O Cemitério da Santa Casa de Porto Alegre foi aberto no bairro Azenha em 1850. Na época, ficava longe da área mais povoada da cidade. A construção era necessária devido aos problemas do velho cemitério atrás da Igreja Matriz.
No relatório de governo em 1846, o presidente da província Luiz Alves de Lima e Silva, o futuro Duque de Caxias, descreveu o velho cemitério como "pouco decente". A área era aberta, com sepulturas em ruínas, "apinhado" de cadáveres e com mau cheiro em dias de calor.
Em 6 de abril de 1850, ocorreu o primeiro enterro no alto da Azenha. Um marítimo português que chegou em Porto Alegre, José Domingues, foi o primeiro livre sepultado. Eva foi a primeira escrava sepultada, em 12 de abril.

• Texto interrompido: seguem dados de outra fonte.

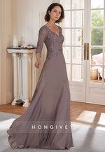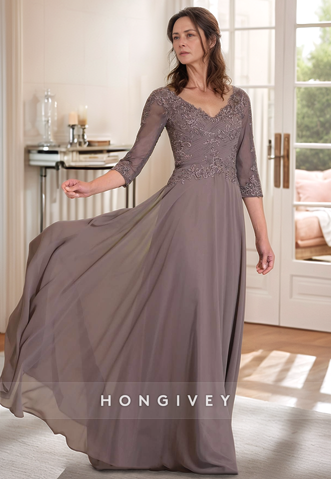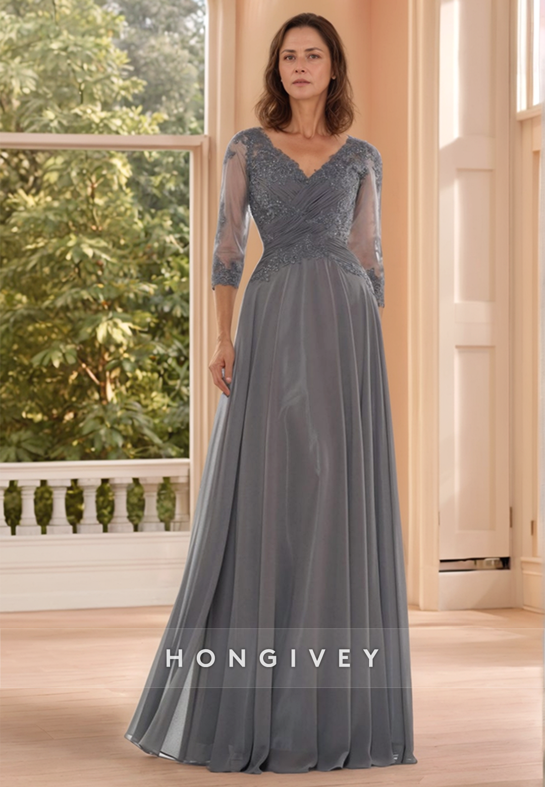 Sheath Sweep Train V Neck Lace 3/4 Sleeve Pleated Ruffles Mother of the Bride Dress

O presidente da província no ano da abertura do novo cemitério era José Antônio Pimenta Bueno, que reclamou da distância. A lomba era "quase inacessível" para as carroças, escreveu, lamentando que não escolheram um terreno na região do Moinhos de Vento.

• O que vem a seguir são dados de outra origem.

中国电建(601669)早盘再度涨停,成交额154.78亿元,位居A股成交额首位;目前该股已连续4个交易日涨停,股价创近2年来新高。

Em 10 hectares, o Cemitério da Santa Casa guarda boa parte da memória das pessoas que construíram Porto Alegre, desde políticos, empresários e artistas até escravos e pobres trabalhadores. O Centro Histórico-Cultural Santa Casa realiza caminhadas para contar a história das sepulturas. Guiado pela historiadora Gabriela Moreira, visitei o cemitério.
Veja abaixo dez mausoléus e túmulos que estão entre os mais importantes, considerando arte, história e interesse dos visitantes. Muitas mensagens foram deixadas nas obras.
Júlio de Castilhos
O ex-presidente do Rio Grande do Sul, Júlio Prates de Castilhos, morreu com câncer de garganta em 24 de outubro de 1903. Em concurso público, o artista carioca Décio Villares foi escolhido para erguer o mausoléu no Cemitério da Santa Casa e o monumento na Praça da Matriz.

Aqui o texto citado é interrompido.